Hi to everybody!
I made a decision tree with the "Decision Tree Learner"-Node. The tree should split categoric data, that in the end a 100% allocation of every record to a leaf of the tree...
However, what I am getting is a tree that, in the leafs, got more than one type of records:
97% of, for the leaf correct, records and 3% Errors. (The errors are there for purpose.) Now I'd like to extract a table or sth similar where exactly these 3% (and of course other "errors" from other leafs) are listed.
I am relatively new to KNIME and also to decision trees, so please forgive me for eventually wrong naming conventions, etc. :)
After some messing around, I figured out a way to solve this issue:
The structure is like this:
You can add a Java Edit Variable to the second Rule-Baseed RowFilter to automate it a little.

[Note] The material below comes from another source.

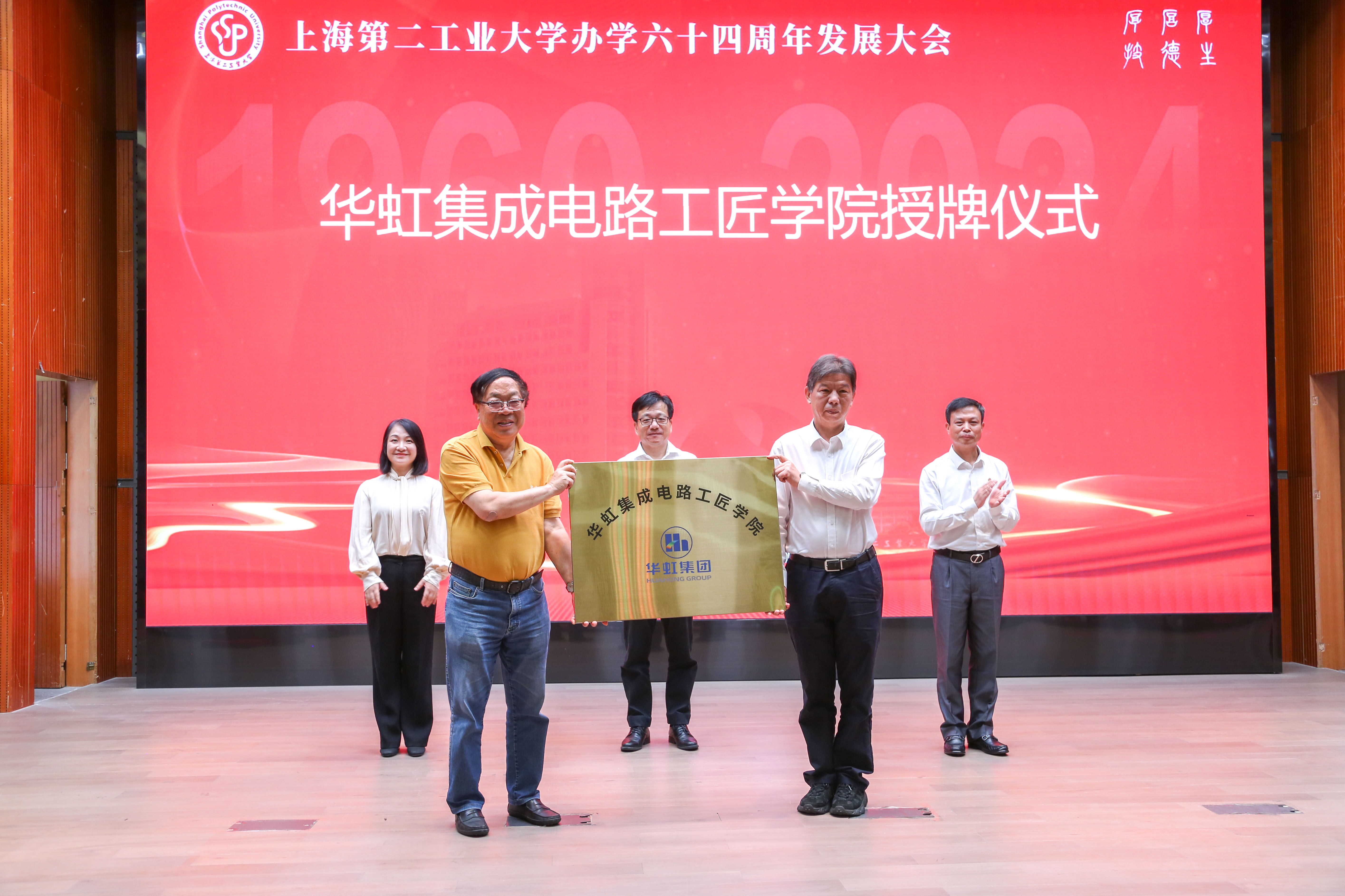 为进一步加强产学研深度融合、传承劳模精神,我校与华虹集团依托上海劳模学院合作共建“华虹集成电路工匠学院。在陆敏书记、谢华清校长与华虹集团党委委员、工会主席、党办主任赵蓉的共同见证下,张素心董事长为包起帆院长授牌。

I am still working on a solution for complete automation, but this works so far.
Cheers, Fabian ;)
if I get your question right, you want to know which rows (of your training data) were classified incorrectly.
See the attached workflow for an idea how you can get those rows.
If you want to have pure leaves in your decision tree, you have to disable pruning in the decision tree learner dialog.
However, doing so will cause your decision tree to overfit on the table you trained it on, which in general declines its accuracy on new data. Note that even if you disable pruning, it is still possible to get impure leafs if your data contains contradictory rows i.e. rows that are identical except for their class.
Thanks very much.
This was most helpful :)
Also thanks for the explanation...